# Exercise:
Could the data below be retyped exactly, without its pictures?

--- Input data Enclosed Below ---

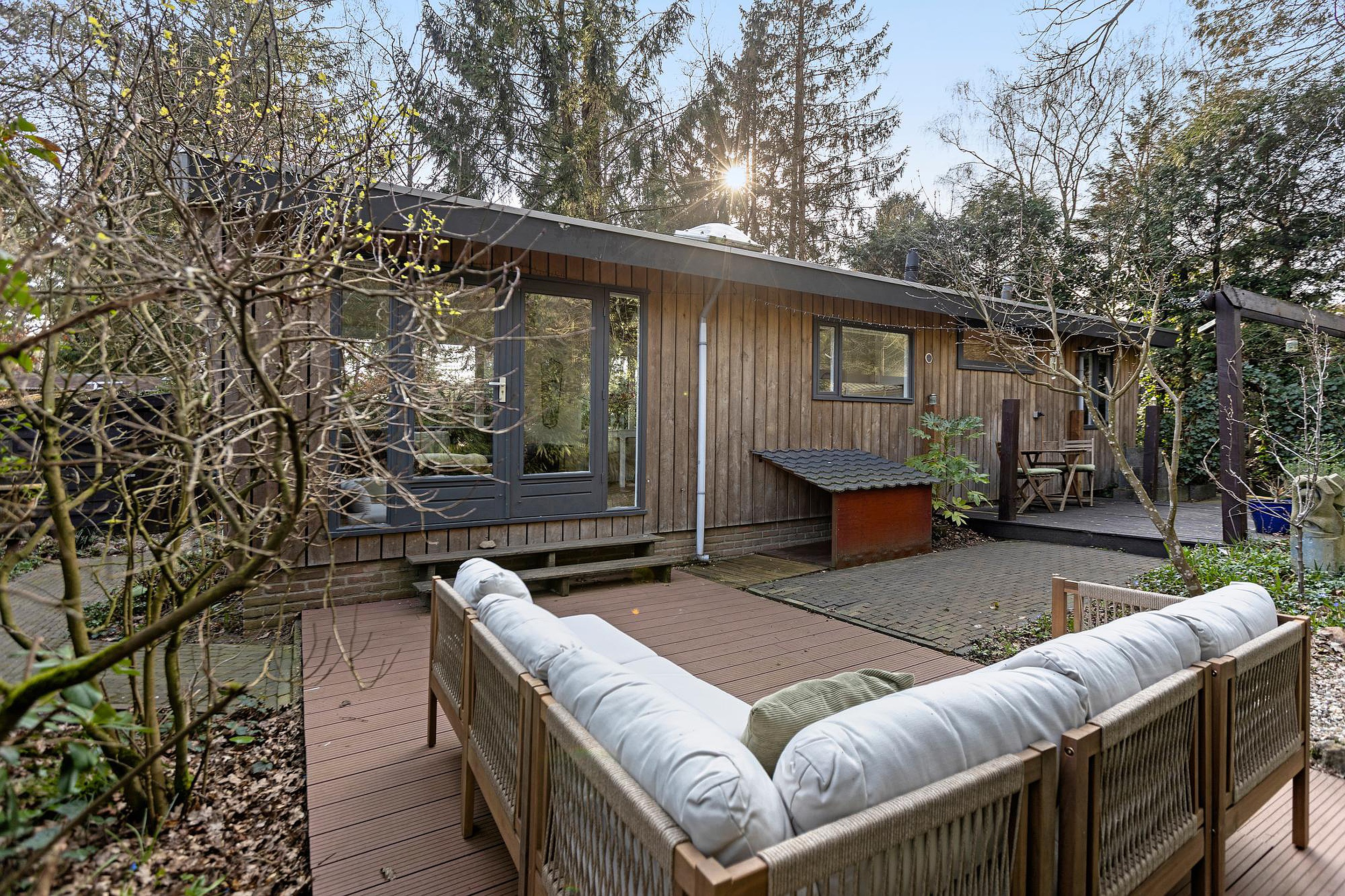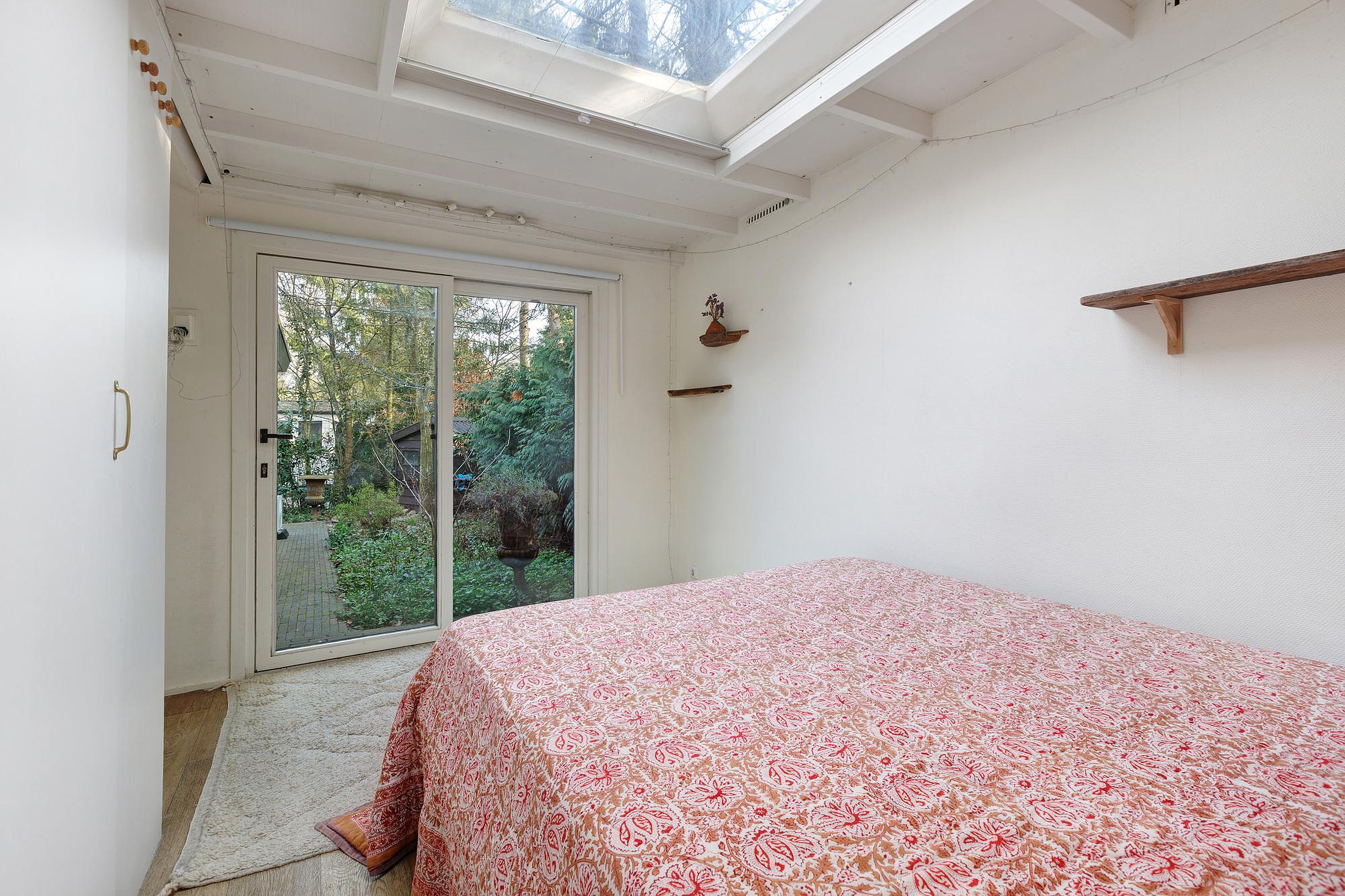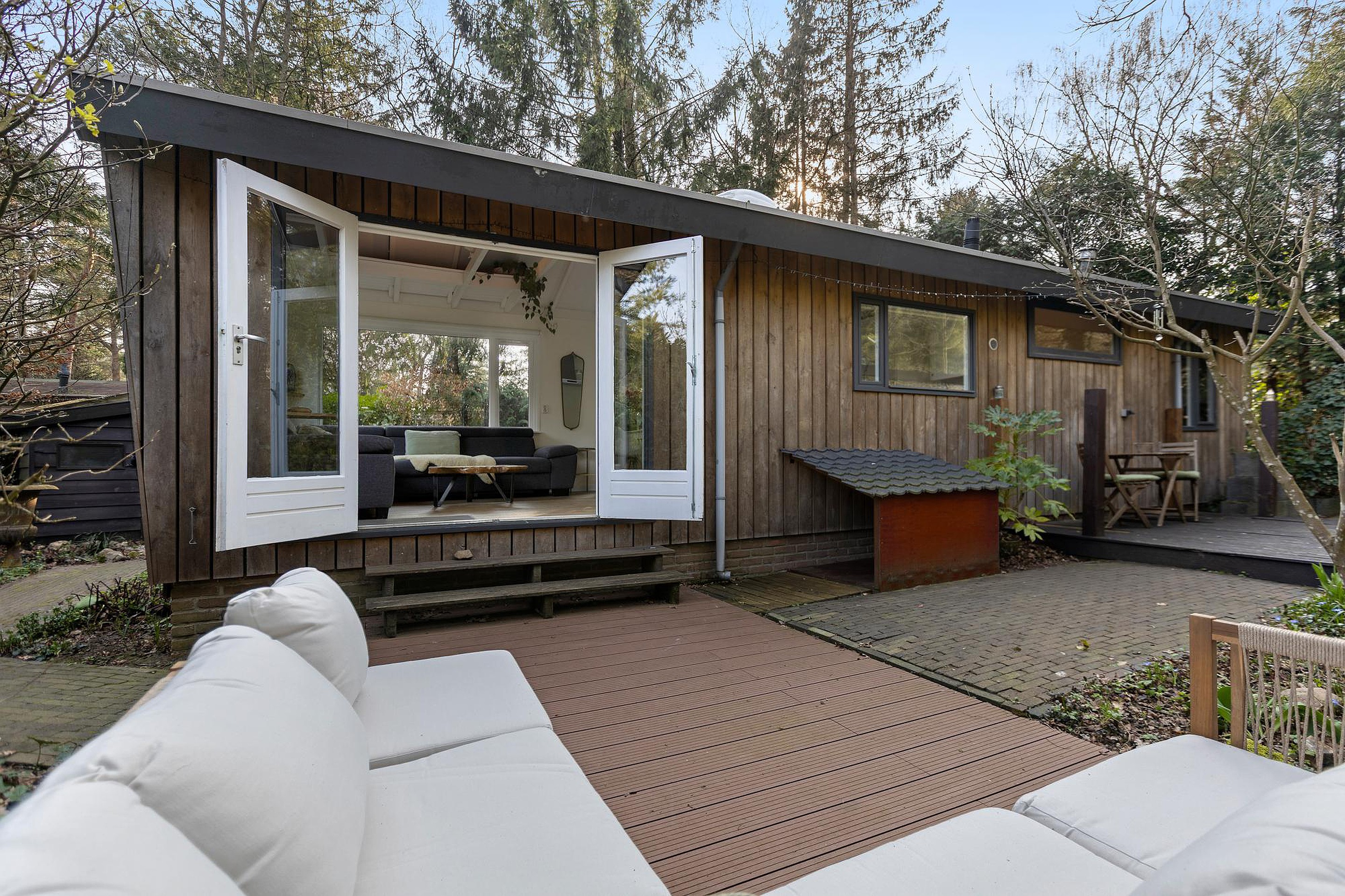 Vanuit zowel de woonkamer als één van de slaapkamers zorgen openslaande deuren voor een directe verbinding met buiten. De woonkamer geeft toegang tot een sfeervol terras op een vlonder, terwijl je vanuit de slaapkamer zo de tuin in loopt en geniet van een vrij en groen uitzicht. Dit alles maakt de tuin tot een rustige, comfortabele en veelzijdige buitenruimte die perfect aansluit bij het recreatieve karakter van de woning.
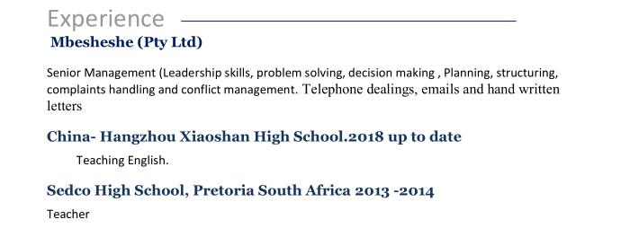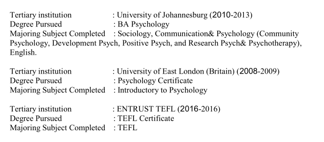 高等院校:約翰內斯堡大學(2010-2013) 攻讀學位:心理學學士 已修專業(yè):社會學、傳播學與心理學(社區(qū) 心理學,發(fā)展心理學,積極心理學,心理與心理治療研究), 英語。 高等院校:東倫敦大學(英國)(2008-2009) 攻讀學位:心理學證書 主修科目完成:心理學導論 委托TEFL (2016-2016) 學歷:外語教學證書 主修科目:外語教學 經驗 Mbesheshe(企業(yè)有限公司) 高級管理(領導能力,問題解決,決策,計劃,結構, 投訴處理及沖突管理。電話交易,電子郵件信 中國-杭州蕭山中學。2018年至今 教英語。 賽德科高中,南非比勒陀利亞2013 -2014 老師 |
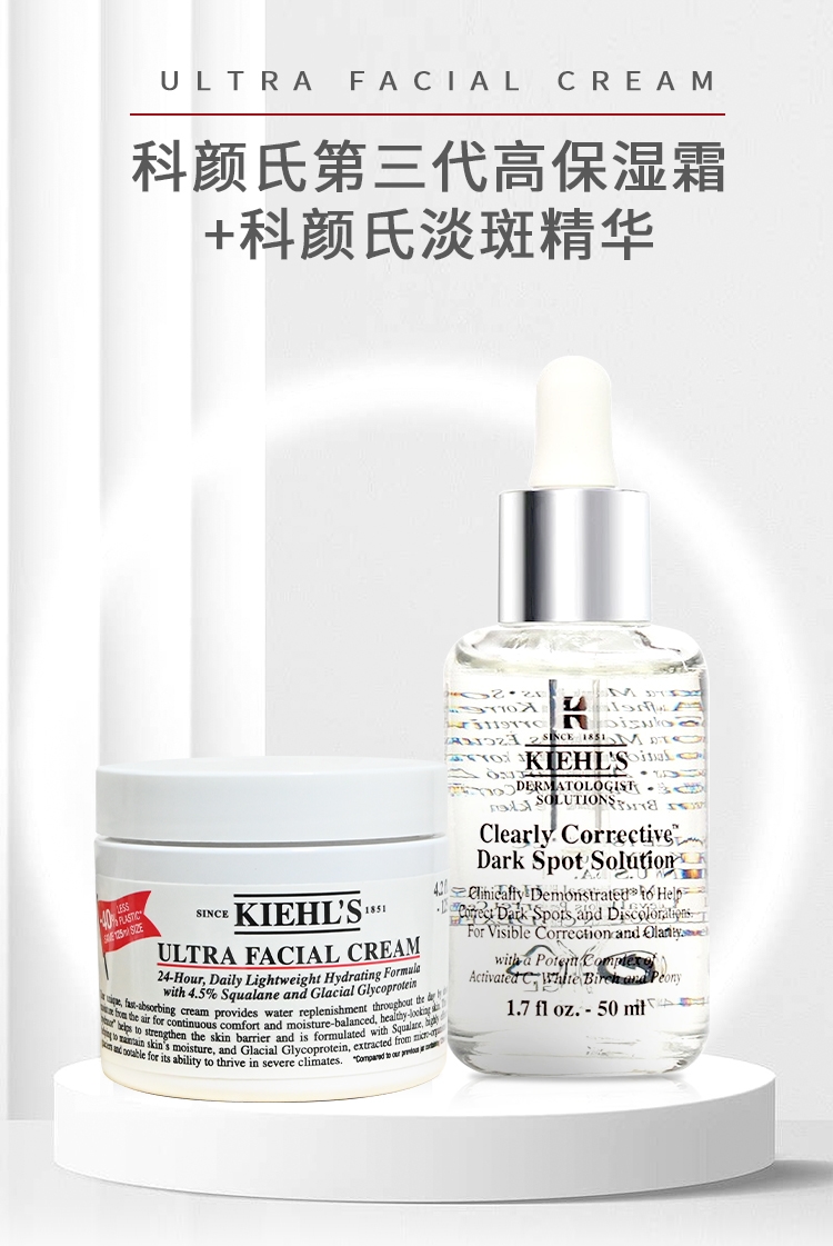 配置清单:科颜氏淡斑精华50ml+科颜氏高保湿面霜125ml+粉色礼盒
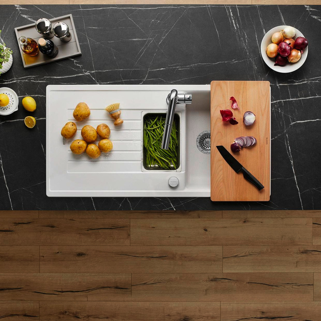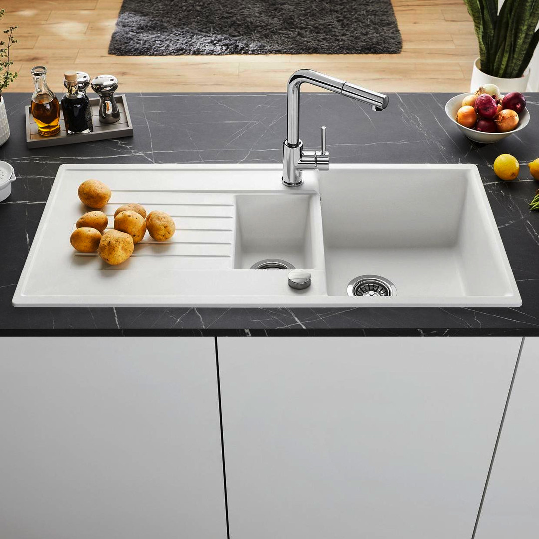Blanco Spüle ZIA 6 S SILGRANIT 100 x 50 cm, weiß, mit Ablauffernbedienung BL514734

--- End of Enclosed Input data ---

# Result of this task:
 Vanuit zowel de woonkamer als één van de slaapkamers zorgen openslaande deuren voor een directe verbinding met buiten. De woonkamer geeft toegang tot een sfeervol terras op een vlonder, terwijl je vanuit de slaapkamer zo de tuin in loopt en geniet van een vrij en groen uitzicht. Dit alles maakt de tuin tot een rustige, comfortabele en veelzijdige buitenruimte die perfect aansluit bij het recreatieve karakter van de woning.
 高等院校:約翰內斯堡大學(2010-2013) 攻讀學位:心理學學士 已修專業(yè):社會學、傳播學與心理學(社區(qū) 心理學,發(fā)展心理學,積極心理學,心理與心理治療研究), 英語。 高等院校:東倫敦大學(英國)(2008-2009) 攻讀學位:心理學證書 主修科目完成:心理學導論 委托TEFL (2016-2016) 學歷:外語教學證書 主修科目:外語教學 經驗 Mbesheshe(企業(yè)有限公司) 高級管理(領導能力,問題解決,決策,計劃,結構, 投訴處理及沖突管理。電話交易,電子郵件信 中國-杭州蕭山中學。2018年至今 教英語。 賽德科高中,南非比勒陀利亞2013 -2014 老師 |
 配置清单:科颜氏淡斑精华50ml+科颜氏高保湿面霜125ml+粉色礼盒
Blanco Spüle ZIA 6 S SILGRANIT 100 x 50 cm, weiß, mit Ablauffernbedienung BL514734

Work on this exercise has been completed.